Tuesday, 8 May 2012
Beef, Beer and Black Pudding Soup
Then I started writing a blog about soup. And I started thinking a little bit more about where the food I eat came from, how good it tasted and how much it cost, and (along with my current efforts to get a bit more healthy) I thought 'maybe I could try little bit harder'.
Incidentally, if you aren't currently in Yorkshire and didn't make any Bilberry jam, Red Currant jelly works just as well, and any black pudding can be used, although you can order Yorkshire Black Pudding from here
300g Beef Skirt
2 Small Onions
1 Large Carrot
3tbsp Mashed Potato
2 Bay Leaves
1tsp Fresh Thyme
250g Yorkshire Black Pudding
800ml Beef Stock
2tbsp Bilberry Jam
125g Button Mushrooms
1. Slice the beef into thin strips and then fry until brown. I used beef dripping for this as it gives that extra bit of meaty flavour, but feel free to use oil if you want. Set the beef to one side
2. Thinly slice the onions and fry them in the same pan, until golden.

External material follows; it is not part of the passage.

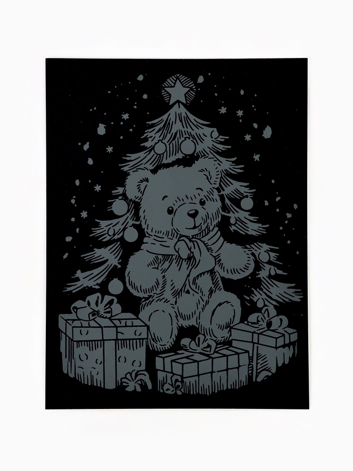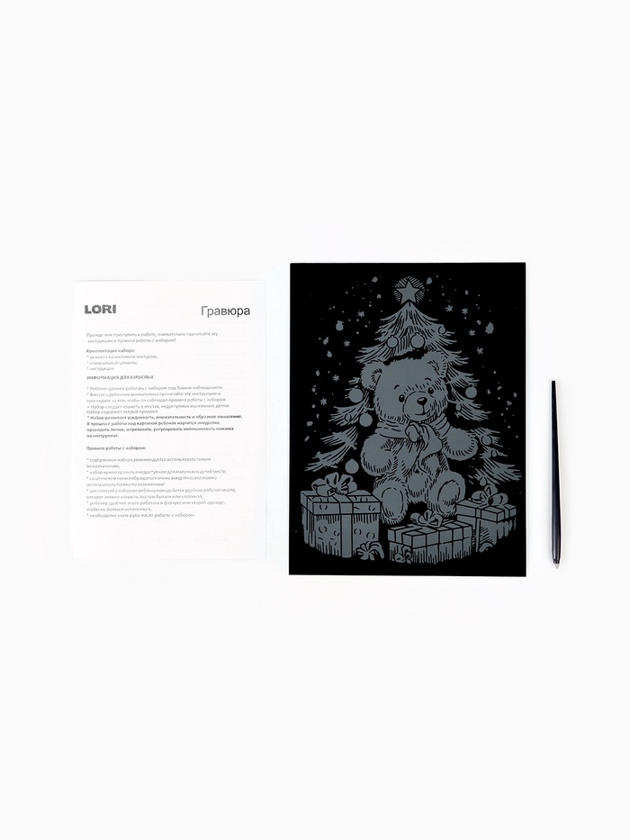 На чёрную основу уже нанесён белый контур рисунка. Задача ребёнка аккуратно процарапать штихелем белые контуры, чтобы получить яркую картинку!

3. Cut the carrots into small cubes. Put them in a slow cooker with the onions, beef thyme and bay leaves. Top up the slow cooker with the beer and stock and then add the bilberry jam and black pudding cubes. Finally, add the mashed potato. This is a good way of thickening things cooked in a slow cooker. However, you could just use cornflour instead. Turn the slow cooker on and leave to cook for 4 hours
4. Fry the button mushrooms in butter for 5 minutes, until they start to colour.
5. Heat the oven and cook your puff-pastry (I used pre-prepared stuff form the shop for this, rolled onto a baking tray and cut into squares of about 3 cm)
6. Serve the soup into dishes and then garnish with the mushrooms and puff pastry squares. Enjoy!